Taylor Swift was presented with the Nashville Songwriters Association International’s (NSAI) Songwriter-Artist of the Decade Award at a ceremony on Tuesday night, September 20.
The 32-year-old singer took to the Nashville Songwriter Awards stage at the Ryman Auditorium in Nashville to accept the accolade, becoming the first female musician to receive the gong, and delivered a 13-minute acceptance speech.
Taylor – who has won the NSAI Songwriter of the Year prize seven times from 2007 to 2015 – told the crowd: “I’m up here receiving this beautiful award for a decade of work, and I can’t possibly explain how nice that feels.”
“Because the way I see it, this is an award that celebrates a culmination of moments. Challenges. Gauntlets laid down. Albums I’m proud of. Triumphs. Strokes of luck or misfortune. Loud, embarrassing errors and the subsequent recovery from those mistakes, and the lessons learned from all of it.”
She concluded: “This award celebrates my family and my co-writers and my team. My friends and my fiercest fans and my harshest detractors and everyone who entered my life or left it. Because when it comes to my songwriting and my life, they are one in the same.”

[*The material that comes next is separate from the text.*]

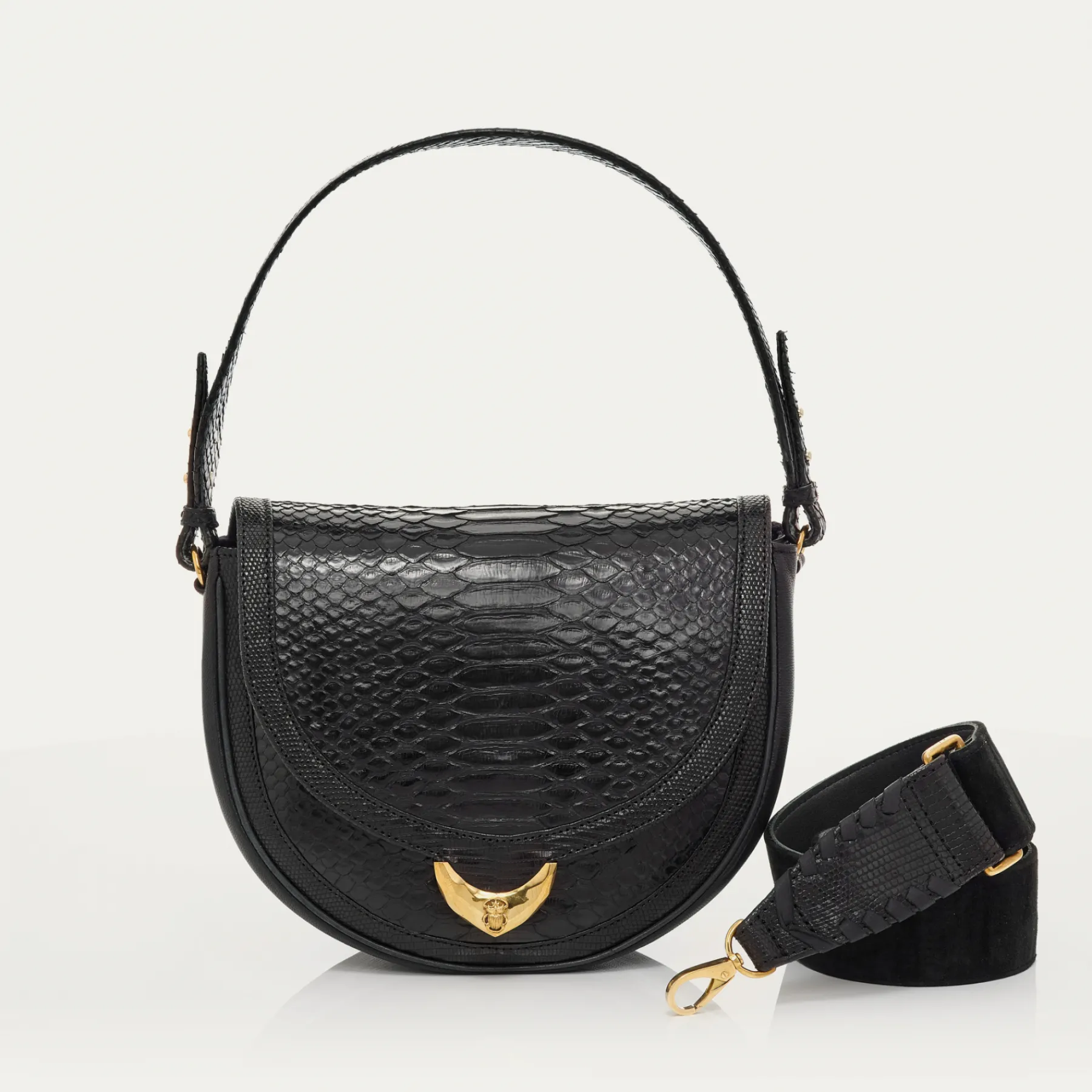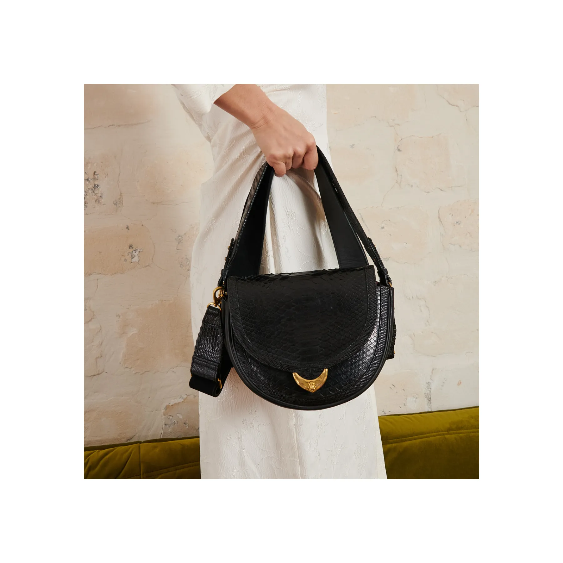 – La deuxième avec une anse épaule ET une bandoulière amovible conçue spécifiquement pour ce sac afin de vous permettre de le porter aussi bien à l’épaule qu’en cross body, selon vos envies et sorties!

The ‘Love Story’ hitmaker also revealed for the first time that she breaks her lyrics down into genre categories, “quill”, “fountain pen” and “glitter gel”.

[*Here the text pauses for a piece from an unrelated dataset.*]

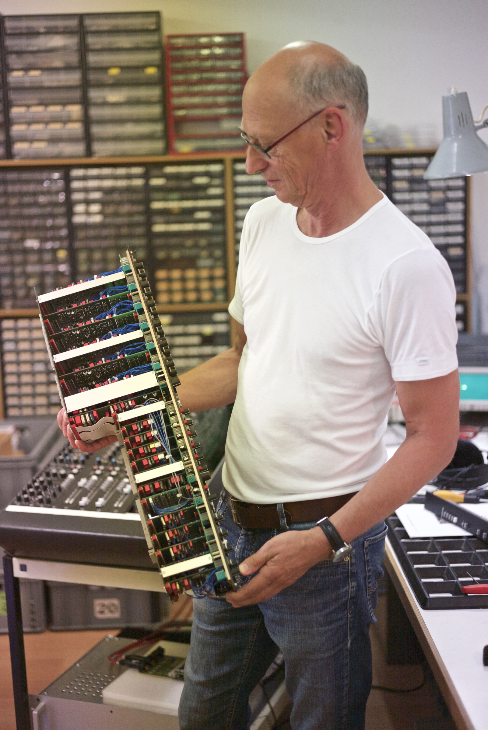 Ich weiß noch, wie schwierig es am Anfang war, eine einfache Schaltung mit ein paar Bauteilen ans Laufen zu bringen. Jetzt sind in einem AM-1 Mischpultkanal 2500 Bauteile, im gesamten Pult diese Zahl mal zweiunddreißig oder mehr plus Master Modul und alles funktioniert und fliegt nicht auseinander. Ich glaube ich bin bei der Entwicklung eher vorsichtig und konservativ, aber das war die einzige Chance, die ich hatte. Jedes meiner Designs musste ja funktionieren. Ich war ja nicht in der Situation wie ein großer Hersteller, wo erst mal einige Prototypen gebaut werden um zu sehen, ob die Schaltungen laufen. Meine Mischpulte mussten damals auf Anhieb funktionieren.
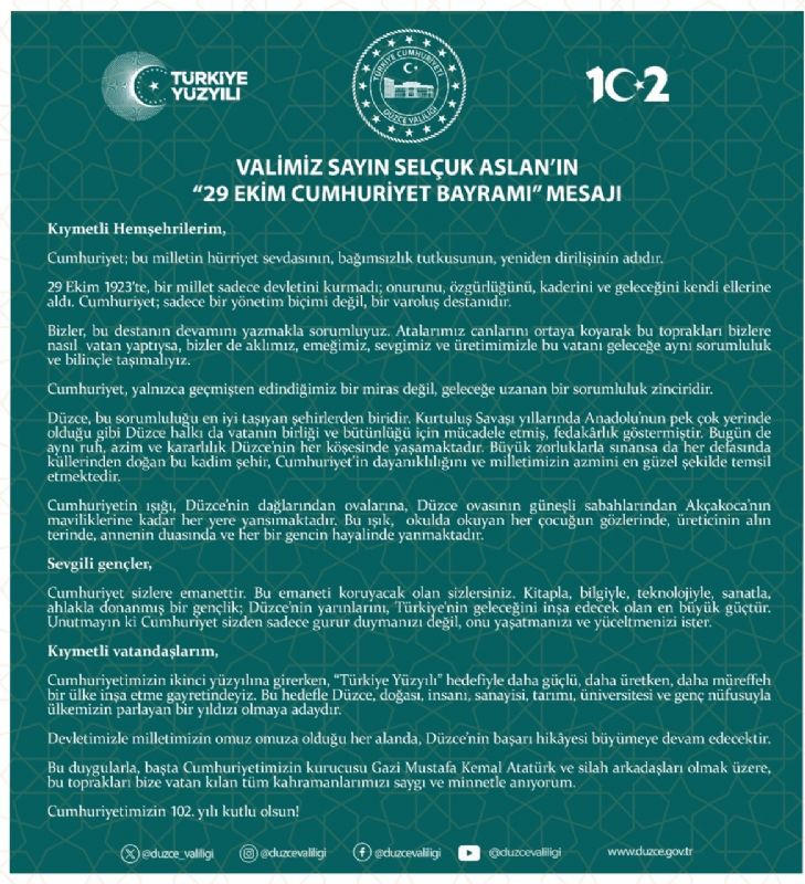 Cumhuriyet sizlere emanettir. Bu emaneti koruyacak olan sizlersiniz. Kitapla, bilgiyle, teknolojiyle, sanatla, ahlakla donanmış bir gençlik; Düzce’nin yarınlarını, Türkiye'nin geleceğini inşa edecek olan en büyük güçtür. Unutmayın ki Cumhuriyet sizden sadece gurur duymanızı değil, onu yaşatmanızı ve yüceltmenizi ister. Kıymetli vatandaşlarım, Cumhuriyetimizin ikinci yüzyılına girerken, “Türkiye Yüzyılı” hedefiyle daha güçlü, daha üretken, daha müreffeh bir ülke inşa etme gayretindeyiz.

She said: “I’ve never talked about this publicly before, because, well, it’s dorky. But I also have, in my mind, secretly, established genres categories for lyrics I write. Three of them, to be exact. They are affectionately titled Quill Lyrics, Fountain Pen Lyrics, and Glitter Gel Pen Lyrics.
“I know this sounds confusing but I’ll try to explain. I came up with these categories based on what writing tool I imagine having in my hand when I scribbled it down, figuratively. I don’t actually have a quill. Anymore. I broke it once when I was mad.
“I categorize certain songs of mine in the ‘Quill’ style if the words and phrasings are antiquated, if I was inspired to write it after reading Charlotte Brontë or after watching a movie where everyone is wearing poet shirts and corsets. If my lyrics sound like a letter written by Emily Dickinson’s great grandmother while sewing a lace curtain, that’s me writing in the Quill genre.”
The star concluded her speech by admitting being honored by the NSAI “means more than any genre of my lyrics could ever say”.
She then performed a 10-minute version of her hit song “All Too Well” at the ceremony, where the likes of Kelsea Ballerini, Little Big Town and Luke Combs all took to the stage.